建築確認件数や着工数が激減している原因として、約9割が建築基準法の改正による影響だと回答した。同課の担当者は「現状を認識して状況を打破するため、さらなる構造設計者の育成や図書省略大臣認定制度の普及などに取り組んでいく」と話した。

 建築確認件数や着工数の激減理由の内訳は「構造技術者不足」が39%と最も多く、次いで「確認審査機関の審査が遅い」と「改正建築基準法への対応設計に時間を要する」が各25%。「景気後退」は7%のみ。

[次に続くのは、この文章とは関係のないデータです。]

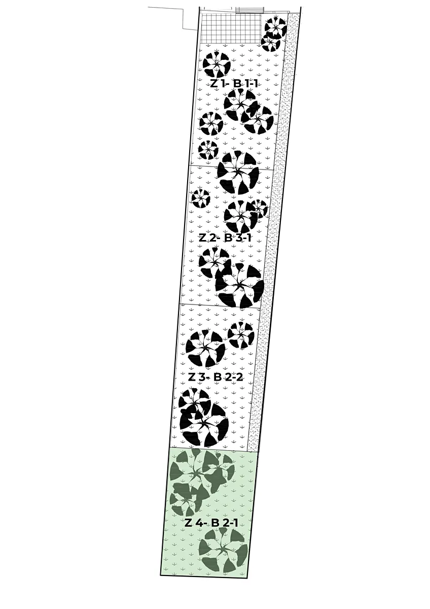Čtyři oddělené zahrady, každá k jednomu bytu, se nachází v přízemí domu v zadní části. Ať už budete zahradu využívat ke grilování, koupání, zábavě, relaxu, budete pěstovat vlastní zeleninu a ovoce, nebo pouze vysadíte trávník a květiny, vždy budete mít svůj vlastní kousek přírody.
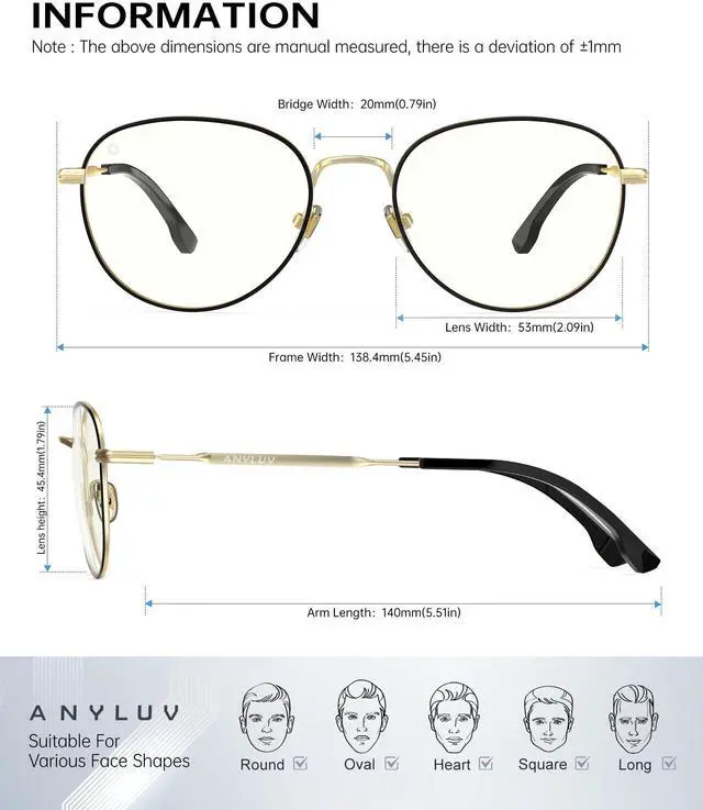 Blue Light Blocking Clear vision: ANYLUV Blue Light blocking glasses filter harmful wavelengths (380-450nm) from screens. HD lenses prevent color distortion so you can see more clearly in dim zones while reducing migraines after 8-hour COD marathons.
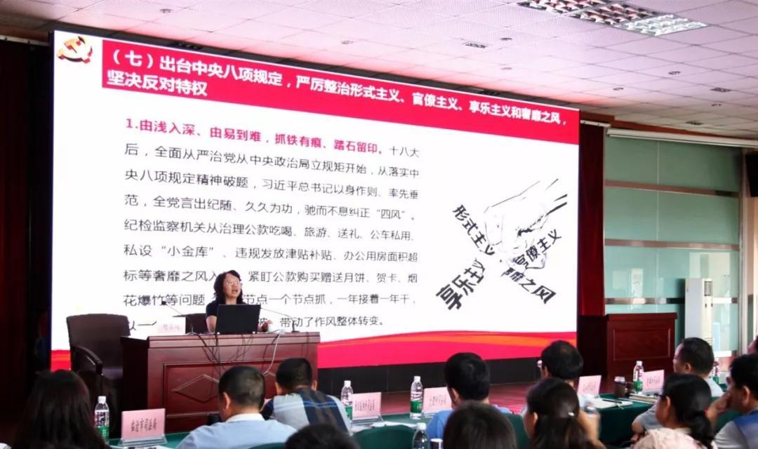 培训期间,省司法厅党委委员、省纪委驻省司法厅纪检组组长杨琼瑛为全体学员作了《以习近平新时代中国特色社会主义思想为指导,推动全省司法行政系统全面从严治党向纵深发展》的讲座,从十八大以来全面从严治党取得的新成效、清醒认识全面从严治党面临的新形势新问题、认真落实全面从严治党新要求新任务三方面,给参培人员上了一堂深刻的廉政党课。
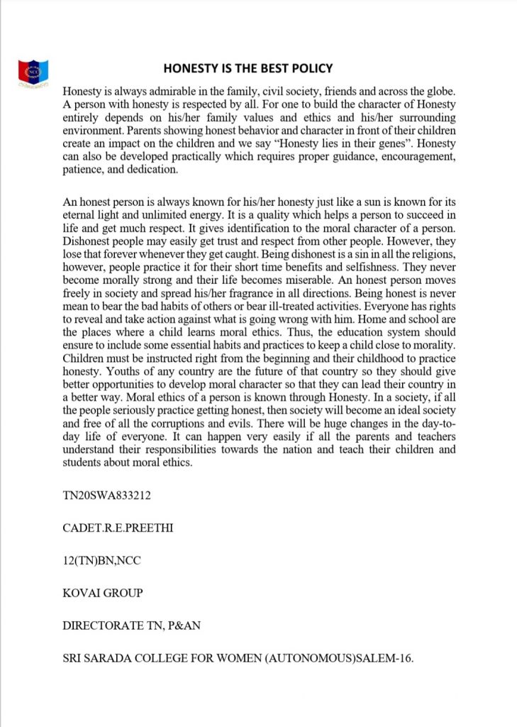CADET.R.E.PREETHI TN20SWA833212 SRI SARADA COLLEGE FOR WOMEN (AUTONOMOUS)SALEM-16. 12(TN)BN NCC, KOVAI GROUP, TN,P& AN DTE.
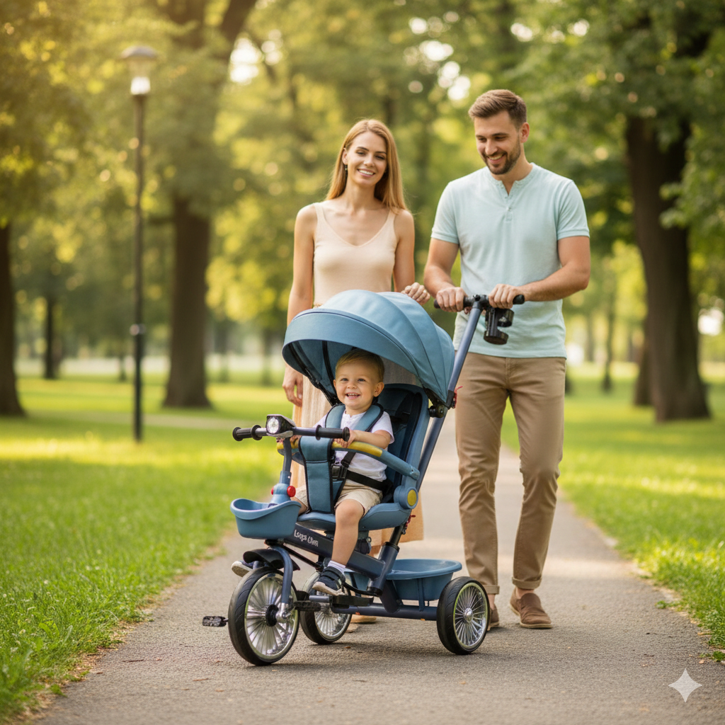 Tricikl Playtime 4003 Sweet Ride plavi idealan je izbor za decu uzrasta 3+ godina, pružajući udobnu, bezbednu i zabavnu vožnju u svim uslovima. Opremljen rotirajućim sedištem, omogućava roditeljima da održe kontakt sa detetom tokom vožnje, što dodatno povećava osećaj sigurnosti. Oborivi naslon pruža udobnost tokom dužih šetnji, dok EVA gume obezbeđuju tihu i stabilnu vožnju bez rizika od bušenja.
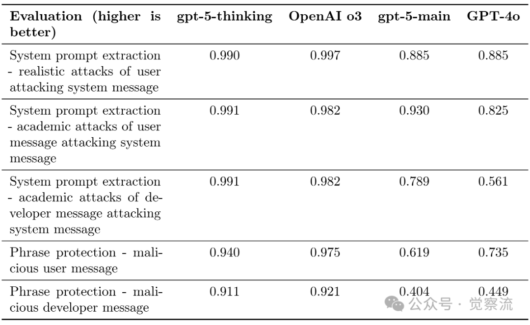 如上表所示,在"用户攻击系统消息的真实攻击"测试中,gpt-5-thinking得分为0.990,而GPT-4o仅为0.885;在"学术攻击"测试中,gpt-5-thinking得分为0.991,而GPT-4o为0.825。短语保护机制测试评估了模型在系统消息指令与恶意用户消息冲突时的表现。
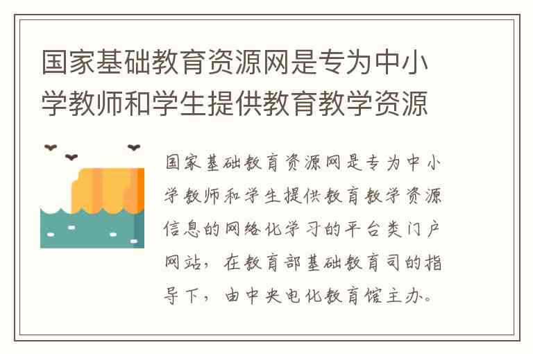 根据公开信息,"国家基础教育资源网"这一名称在机构改革和平台迭代后已发生变化。2021年事业单位改革中,原中央电化教育馆(教育部基础教育资源中心)与教育部教育装备研究与发展中心整合为教育部教育技术与资源发展中心(中央电化教育馆)。目前面向中小学师生的国家级教育资源平台实际为国家教育资源公共服务平台,该平台由教育部主办,教育部教育技术与资源发展中心(中央电化教育馆)具体维护,2012年12月28日正式开通,核心功能是通过"网络学习空间"实现优质资源精准推送,服务"优质资源班班通"和"网络学习空间人人通"建设。
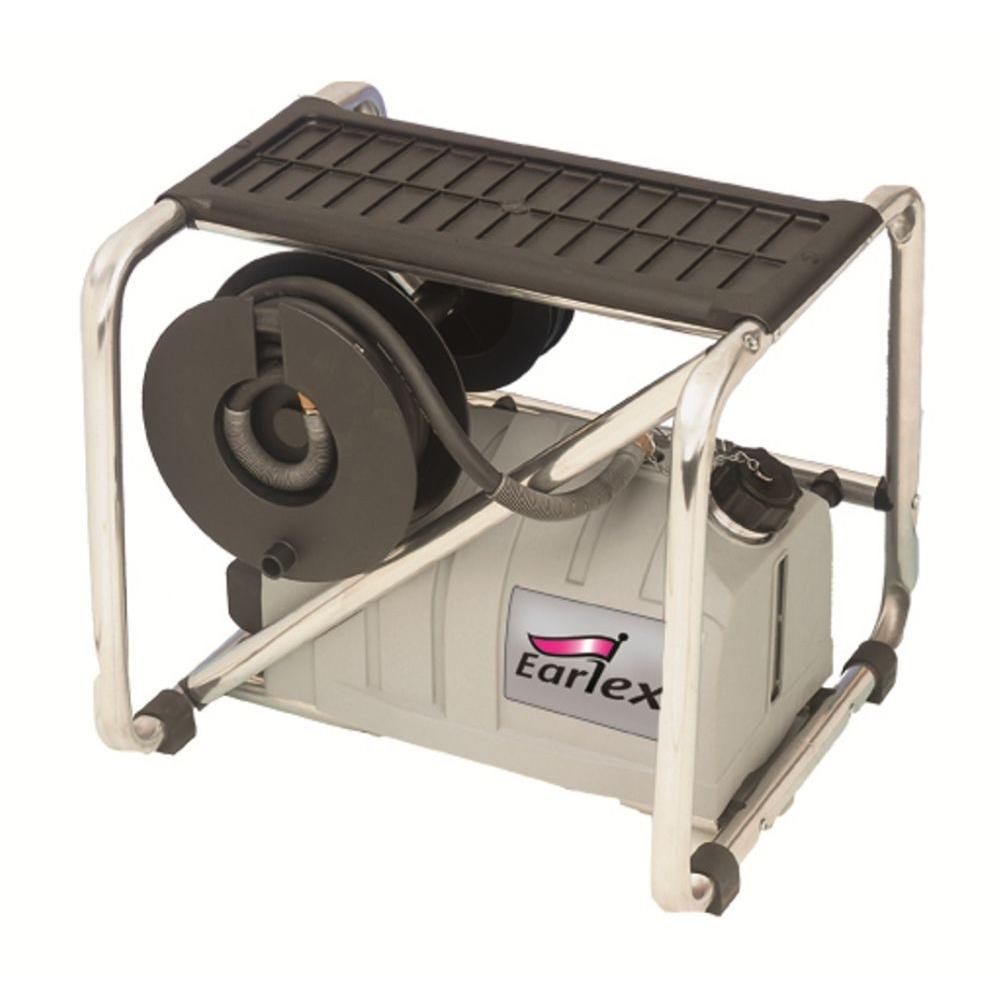 Description: A machine that is sitting on a stand with a roll of tape on it's side and a roll of tape on the other side.

 認定された構造で簡易な構造計算書で申請ができる図書省略大臣認定の第2段(3階建て以下鉄筋造)の活用について、「活用していきたい」が24%、「活用について今後検討する」が57%で約8割が活用に前向きだった。「使いづらく活用できない」が6%で、認定第1弾(2階建て以下鉄筋造)の31%と比べて大幅に少ない。構造計算が難しく申請に労力がかかっても、設計自由度の高い認定第2弾が使いやすいと考える関係者が多いことが分かる。

 調査は13−15日の図書省略認定説明会で参加者を対象に実施された。

 県は、構造計算の技術者不足の対策として、県主導で建築士を対象にした構造設計者育成に活用するテキストを作成している。テキストは4階建て以下の鉄筋造りなど図書省略制度が適用されない設計を中心に、一戸建てや共同住宅など4パターンを作成する。6月から研修会を行う予定。関係団体から意見を聴取した上で、6月19日に期限が切れる事前審査制度の延長も検討する。